Esports is one of the hottest topics in the gambling industry today and we’ve been noticing more and more time dedicated to esports at major gambling industry events. In fact, the interest from our industry is now strong enough to warrant dedicated esports and gambling conferences, such as the upcoming Esports & Casino Resorts in Las Vegas.
From October 25th to 26th the SLS Las Vegas will host Esports & Casino Resorts, a two-day conference dedicated to esports education for the commercial gambling industry. CalvinAyre.com spoke with Chris Grove, one of the main professionals behind the event, to learn more about what delegates can expect from attending.
Thank you for joining me today, Chris- its always a pleasure. Why did you decide to launch Esports & Casino Resorts? When did you identify the opportunity?
I go to my fair share of gambling industry conferences and over the last year or two I’ve noticed that Esports-related content has become a fixture. But the learning curve around the topic is so steep that many panels end up running out of time just getting through the introduction.
I thought a standalone conference focused exclusively on a deep dive into the immediate Esports opportunity for the commercial gambling industry would be a good antidote to that trend. That was the foundation for Esports & Casino Resorts.
Naruscope is the name behind Esports & Casino Resorts, what is it and who are the brains behind it?
Naruscope is a conference series with a specific, pragmatic focus on emerging trends and technologies related to the gambling industry.
Esports & Casino Resorts is the first installment in that series.

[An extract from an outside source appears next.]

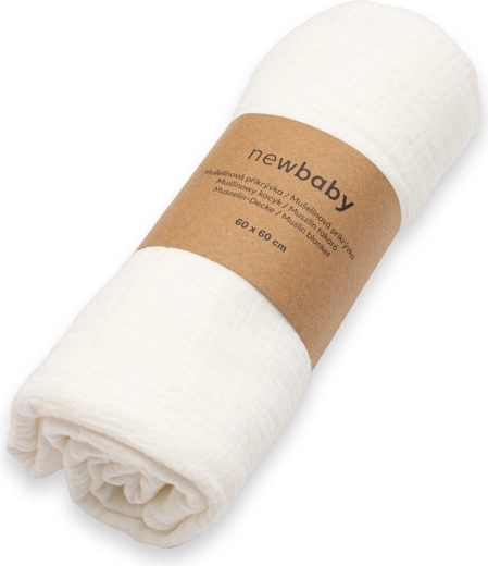 Lekki i miękki muślinowy kocyk z 100% organicznej bawełny do całorocznego użytku. Delikatny dla skóry dziecka, oddychający, przyjemny w dotyku i w eleganckim białym kolorze. Świetny jako prezent i do wyprawki, pasuje do innych produktów NEW BABY.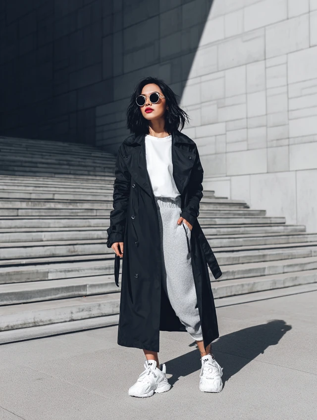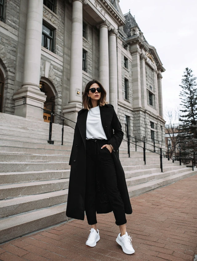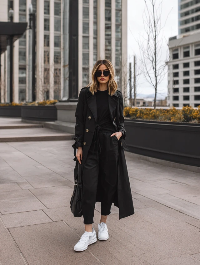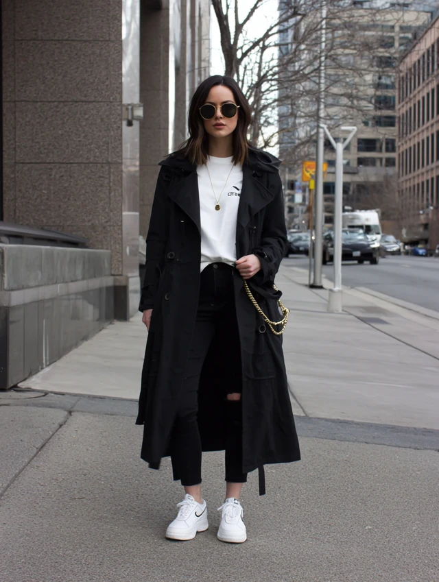 5. Black Trench Coat + White Sneakers + Oversized Tee

The conference is co-produced by Narus Advisors and Roger Gros of Global Gaming Business. Roger’s extensive background in event production – including some of the largest conferences in our industry – has been invaluable as we’ve gone through the process of crafting and executing this event.
Yes, I can imagine- Roger Gros is an incredibly well respected personality in the gambling industry and for good reason. How will Esports & Casino Resorts different from other eSports events we’ve heard about (or attended) such as the Bullet Business Betting on Esports event and the Esports Conference in Los Angeles?

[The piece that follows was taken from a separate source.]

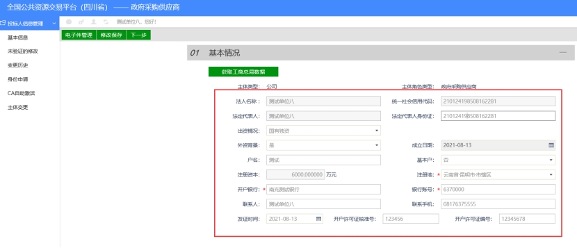 3、完成后點(diǎn)擊“下一步”,進(jìn)入頁(yè)面最后點(diǎn)擊“提交信息”,等省交易中心審核通過(guò)后即可: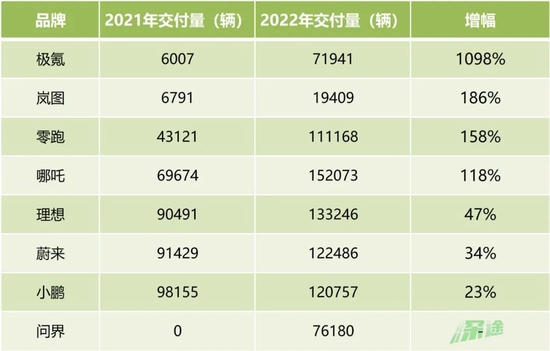 跟2021年相比的话,新势力们在2022年都是增长的。其中增速最快的是极氪、岚图、零跑、哪吒,不过一个原因是它们之前的基数小。蔚小理中,理想的增速不错,蔚来、小鹏一般。

Those are both excellent events and I think there’s value in attending all three. The Esports conference in Los Angeles is aimed more at an esports industry audience, and the Bullet Business program focused primarily on betting on esports (largely within the online betting context).

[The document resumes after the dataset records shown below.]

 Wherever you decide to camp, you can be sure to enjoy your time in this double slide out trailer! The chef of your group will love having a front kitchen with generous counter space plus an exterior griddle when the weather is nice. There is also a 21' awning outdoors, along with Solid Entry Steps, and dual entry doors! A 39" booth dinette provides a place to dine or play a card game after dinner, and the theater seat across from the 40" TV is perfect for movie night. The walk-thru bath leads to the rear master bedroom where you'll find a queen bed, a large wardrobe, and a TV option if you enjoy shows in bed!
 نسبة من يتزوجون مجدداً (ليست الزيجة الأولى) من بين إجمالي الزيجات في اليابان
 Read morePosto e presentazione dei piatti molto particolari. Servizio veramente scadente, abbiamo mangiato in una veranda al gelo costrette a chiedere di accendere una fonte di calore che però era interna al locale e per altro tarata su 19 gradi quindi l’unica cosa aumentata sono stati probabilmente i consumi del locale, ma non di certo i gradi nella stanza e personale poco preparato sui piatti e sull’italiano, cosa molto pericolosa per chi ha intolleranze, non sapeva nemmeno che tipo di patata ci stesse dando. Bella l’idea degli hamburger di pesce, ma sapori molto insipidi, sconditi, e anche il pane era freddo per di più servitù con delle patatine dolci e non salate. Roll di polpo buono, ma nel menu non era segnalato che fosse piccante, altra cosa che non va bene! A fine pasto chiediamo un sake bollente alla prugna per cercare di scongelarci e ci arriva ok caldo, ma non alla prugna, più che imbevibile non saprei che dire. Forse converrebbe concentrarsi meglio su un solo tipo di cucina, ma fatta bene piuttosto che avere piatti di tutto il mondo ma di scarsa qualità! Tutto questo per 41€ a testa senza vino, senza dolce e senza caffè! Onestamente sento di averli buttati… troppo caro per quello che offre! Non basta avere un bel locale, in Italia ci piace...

Where we differ is our precise focus on offering the land-based gambling industry with a hands-on education about the current esports opportunity from a casino perspective. What’s involved in hosting a live competitive event? What are some other event opportunities that might bring new customers to property? What can you do to accommodate esports fans when they attend your events? How will esports inform the evolution of the sportsbook, or the games on the casino floor? And how will regulators digest and react to these changes?
Sounds like some solid topics to be covered, Chris. Why should esports gaming start-ups consider applying for the Launchpad taking place during Esports & Casino Resorts?
We feel pretty lucky to have Manatt as the title partner on the launchpad, and the ability for a company to access the resources they have available would be a lift for a startup at almost any stage.
I also think there’s a unique opportunity to get in front of a casino audience that is increasingly looking for answers to the question of how to integrate esports specifically, and gaming more broadly.
If your startup isn’t relevant to the casino audience, we believe that our other conference attendees – including representatives from Twitch, WME | IMG, Allied Esports, Team Liquid, Unikrn, and ELEAGUE – is definitely an audience any esports-related startup would be happy to pitch to.
I personally think you’ve created a perfect opportunity for esports start-ups. Are there any special speakers you’ve got lined up and wish to highlight?
I’m excited to have Christina Alejandre, who heads up esports for Turner Sports and was a driving force behind ELEAGUE, speaking at the conference. ELEAGUE to me is a watershed event for esports, and getting a first-hand account of the lessons learned and opportunities uncovered during the first season of ELEAGUE is something that I’m personally looking forward to.
You’ve just released a white paper on esports, can you share with us what you think is your most shocking discovery?
I’m not sure that anything was too shocking, but one thing did really stick with me.
We spent a lot of time looking at skin gambling sites (sites where players wager digital in-game items instead of cash). When you’re talking about skin gambling sites, you’re talking about a wide array of products spread across dozens and dozens of sites. We found sites offering sports betting blackjack, modified roulette, lottery games, coin flips, dice games, you name it.
But what we really saw very little of – and remember, these are largely ad hoc sites, low barrier to entry, lot of activity flowing through them, so sites really had an incentive to experiment with new game types – were slot-machine style games.
It just wasn’t a format that naturally emerged in that market. And there’s something really telling about that to me in terms of the attitude a younger set has about the slot machine as a construct – not even the underlying game mechanics or the value proposition, but the idea of a slot machine, the machine as something more symbolic. There seems to be a deeper level of rejection beyond “oh, we don’t like that kind of game” going on with slot machines, at least among esports fans.
A 27-page summary of our research is available for free, people can email me at email@example.com to request it.
Interesting, slots machines as we know them just don’t do for the younger generation for a variety of reasons, I think. Is there anything else you would like to add about Esports and Casino Resorts, Chris?
I believe that casinos have a series of unique opportunities with esports. There’s an opportunity to introduce themselves to a generation that might not otherwise think of casinos as a primary destination for entertainment, for events, for vacations. An opportunity to bring some change to the casino floor that could make gambling a more attractive proposition for a wide array of customers. And an opportunity to plant a flag at a rare point: the early days of a new class of mainstream entertainment.
That’s a great closing message Chris, thank you so much for your time today and its sounds like you’ve are shaping a truly meaningful event for the eSports industry.